Stored data:
····················

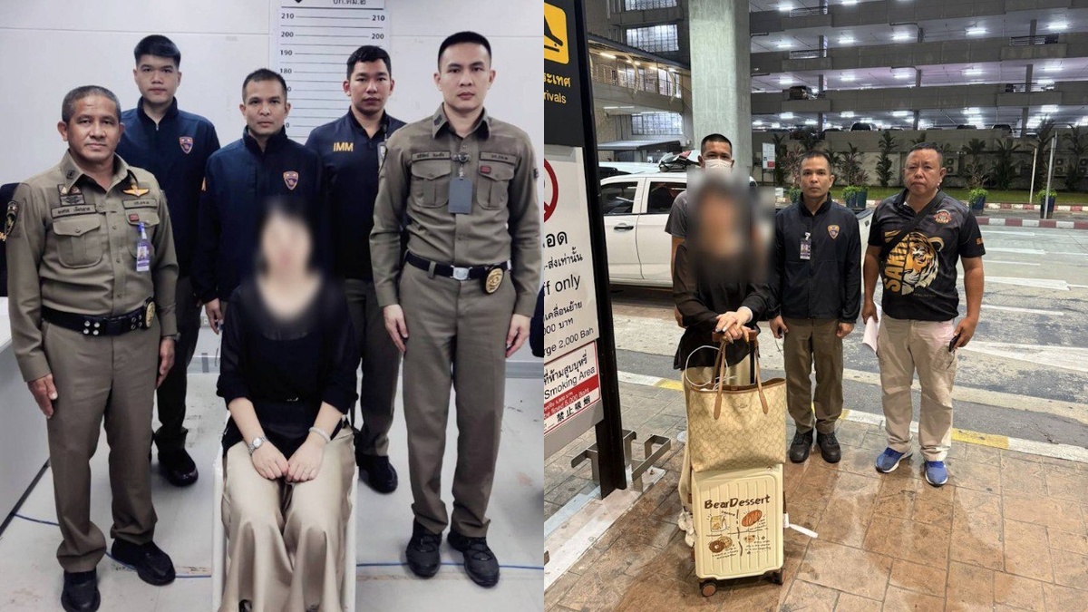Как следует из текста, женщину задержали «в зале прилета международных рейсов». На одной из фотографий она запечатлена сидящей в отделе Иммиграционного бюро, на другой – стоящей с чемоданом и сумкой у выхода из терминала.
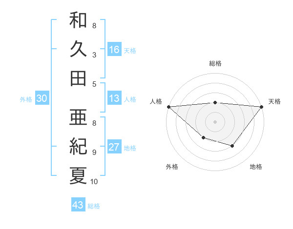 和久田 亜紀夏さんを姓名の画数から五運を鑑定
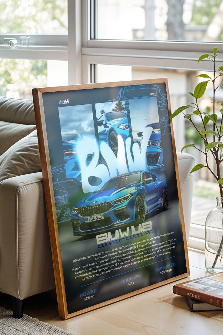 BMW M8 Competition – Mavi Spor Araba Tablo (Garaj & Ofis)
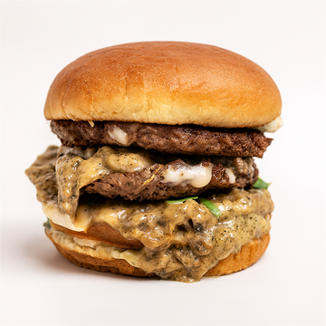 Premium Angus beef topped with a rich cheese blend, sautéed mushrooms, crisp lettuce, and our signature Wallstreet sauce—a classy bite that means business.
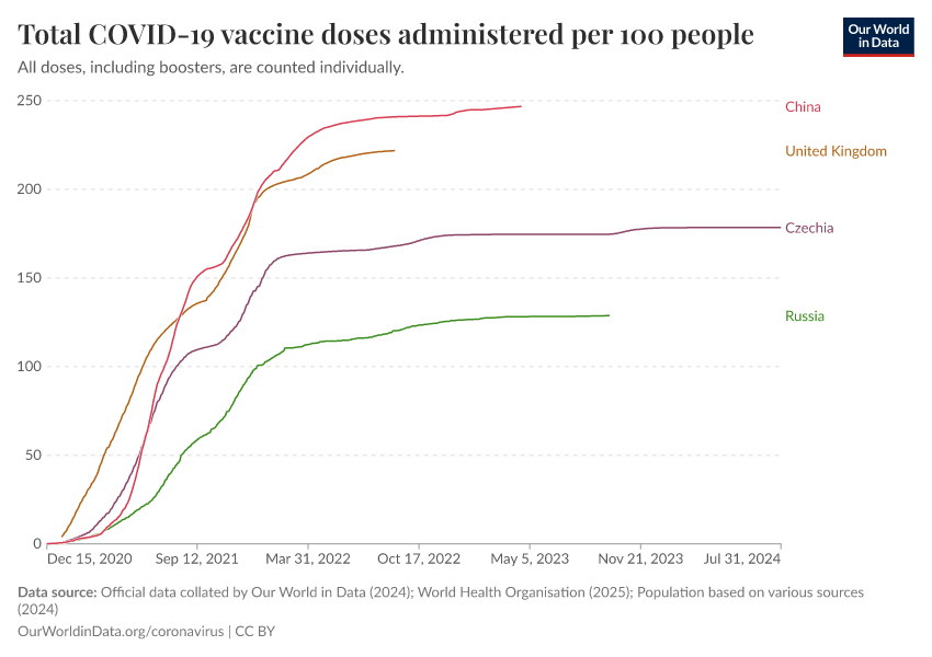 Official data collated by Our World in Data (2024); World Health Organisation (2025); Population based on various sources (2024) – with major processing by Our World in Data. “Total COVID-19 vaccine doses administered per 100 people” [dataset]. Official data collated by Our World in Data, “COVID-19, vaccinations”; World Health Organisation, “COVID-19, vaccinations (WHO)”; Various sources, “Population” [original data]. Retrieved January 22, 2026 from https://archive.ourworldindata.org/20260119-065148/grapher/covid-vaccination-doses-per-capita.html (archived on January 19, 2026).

····················

Word for word, write out the lines above running from the one with "BMW M8 Competition" up to and including the one with "Premium Angus beef". Drop any picture.

 BMW M8 Competition – Mavi Spor Araba Tablo (Garaj & Ofis)
 Premium Angus beef topped with a rich cheese blend, sautéed mushrooms, crisp lettuce, and our signature Wallstreet sauce—a classy bite that means business.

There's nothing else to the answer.